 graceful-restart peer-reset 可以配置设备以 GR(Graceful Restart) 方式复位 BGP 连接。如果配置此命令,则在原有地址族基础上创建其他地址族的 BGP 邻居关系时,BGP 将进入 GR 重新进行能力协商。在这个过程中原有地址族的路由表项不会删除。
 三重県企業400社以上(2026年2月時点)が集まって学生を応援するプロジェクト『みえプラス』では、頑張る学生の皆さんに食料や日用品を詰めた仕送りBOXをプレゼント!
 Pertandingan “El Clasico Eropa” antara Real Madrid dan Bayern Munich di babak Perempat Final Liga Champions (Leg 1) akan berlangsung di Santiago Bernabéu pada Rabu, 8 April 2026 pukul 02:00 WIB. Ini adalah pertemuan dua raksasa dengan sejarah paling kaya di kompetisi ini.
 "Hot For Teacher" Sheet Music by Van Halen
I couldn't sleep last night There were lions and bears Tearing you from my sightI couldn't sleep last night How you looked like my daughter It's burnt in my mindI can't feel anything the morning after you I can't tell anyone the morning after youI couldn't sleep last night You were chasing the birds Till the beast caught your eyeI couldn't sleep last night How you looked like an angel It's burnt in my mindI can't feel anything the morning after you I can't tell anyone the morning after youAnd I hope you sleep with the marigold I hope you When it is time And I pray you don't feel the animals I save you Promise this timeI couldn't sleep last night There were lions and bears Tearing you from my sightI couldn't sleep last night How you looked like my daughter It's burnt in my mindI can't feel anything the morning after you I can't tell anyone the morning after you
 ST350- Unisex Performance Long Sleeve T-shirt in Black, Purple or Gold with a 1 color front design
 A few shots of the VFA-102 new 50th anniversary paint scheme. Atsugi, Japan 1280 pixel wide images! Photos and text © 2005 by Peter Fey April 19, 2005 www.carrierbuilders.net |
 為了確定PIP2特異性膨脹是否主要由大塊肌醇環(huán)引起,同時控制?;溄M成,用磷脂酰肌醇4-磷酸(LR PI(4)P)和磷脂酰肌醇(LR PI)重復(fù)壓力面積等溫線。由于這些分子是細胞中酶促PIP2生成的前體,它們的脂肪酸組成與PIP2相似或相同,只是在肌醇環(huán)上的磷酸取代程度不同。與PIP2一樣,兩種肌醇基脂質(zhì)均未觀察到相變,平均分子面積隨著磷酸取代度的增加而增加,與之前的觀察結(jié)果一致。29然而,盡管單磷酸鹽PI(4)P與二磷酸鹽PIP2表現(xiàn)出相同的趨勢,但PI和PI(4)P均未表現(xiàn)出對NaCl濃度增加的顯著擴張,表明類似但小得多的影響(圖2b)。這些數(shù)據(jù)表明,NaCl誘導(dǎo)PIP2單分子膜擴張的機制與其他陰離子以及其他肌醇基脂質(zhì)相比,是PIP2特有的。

Directions: Down to the final line, the data above must be copied exactly.

Solution to this exercise:
 graceful-restart peer-reset 可以配置设备以 GR(Graceful Restart) 方式复位 BGP 连接。如果配置此命令,则在原有地址族基础上创建其他地址族的 BGP 邻居关系时,BGP 将进入 GR 重新进行能力协商。在这个过程中原有地址族的路由表项不会删除。
 三重県企業400社以上(2026年2月時点)が集まって学生を応援するプロジェクト『みえプラス』では、頑張る学生の皆さんに食料や日用品を詰めた仕送りBOXをプレゼント!
 Pertandingan “El Clasico Eropa” antara Real Madrid dan Bayern Munich di babak Perempat Final Liga Champions (Leg 1) akan berlangsung di Santiago Bernabéu pada Rabu, 8 April 2026 pukul 02:00 WIB. Ini adalah pertemuan dua raksasa dengan sejarah paling kaya di kompetisi ini.
 "Hot For Teacher" Sheet Music by Van Halen
I couldn't sleep last night There were lions and bears Tearing you from my sightI couldn't sleep last night How you looked like my daughter It's burnt in my mindI can't feel anything the morning after you I can't tell anyone the morning after youI couldn't sleep last night You were chasing the birds Till the beast caught your eyeI couldn't sleep last night How you looked like an angel It's burnt in my mindI can't feel anything the morning after you I can't tell anyone the morning after youAnd I hope you sleep with the marigold I hope you When it is time And I pray you don't feel the animals I save you Promise this timeI couldn't sleep last night There were lions and bears Tearing you from my sightI couldn't sleep last night How you looked like my daughter It's burnt in my mindI can't feel anything the morning after you I can't tell anyone the morning after you
 ST350- Unisex Performance Long Sleeve T-shirt in Black, Purple or Gold with a 1 color front design
 A few shots of the VFA-102 new 50th anniversary paint scheme. Atsugi, Japan 1280 pixel wide images! Photos and text © 2005 by Peter Fey April 19, 2005 www.carrierbuilders.net |
 為了確定PIP2特異性膨脹是否主要由大塊肌醇環(huán)引起,同時控制?;溄M成,用磷脂酰肌醇4-磷酸(LR PI(4)P)和磷脂酰肌醇(LR PI)重復(fù)壓力面積等溫線。由于這些分子是細胞中酶促PIP2生成的前體,它們的脂肪酸組成與PIP2相似或相同,只是在肌醇環(huán)上的磷酸取代程度不同。與PIP2一樣,兩種肌醇基脂質(zhì)均未觀察到相變,平均分子面積隨著磷酸取代度的增加而增加,與之前的觀察結(jié)果一致。29然而,盡管單磷酸鹽PI(4)P與二磷酸鹽PIP2表現(xiàn)出相同的趨勢,但PI和PI(4)P均未表現(xiàn)出對NaCl濃度增加的顯著擴張,表明類似但小得多的影響(圖2b)。這些數(shù)據(jù)表明,NaCl誘導(dǎo)PIP2單分子膜擴張的機制與其他陰離子以及其他肌醇基脂質(zhì)相比,是PIP2特有的。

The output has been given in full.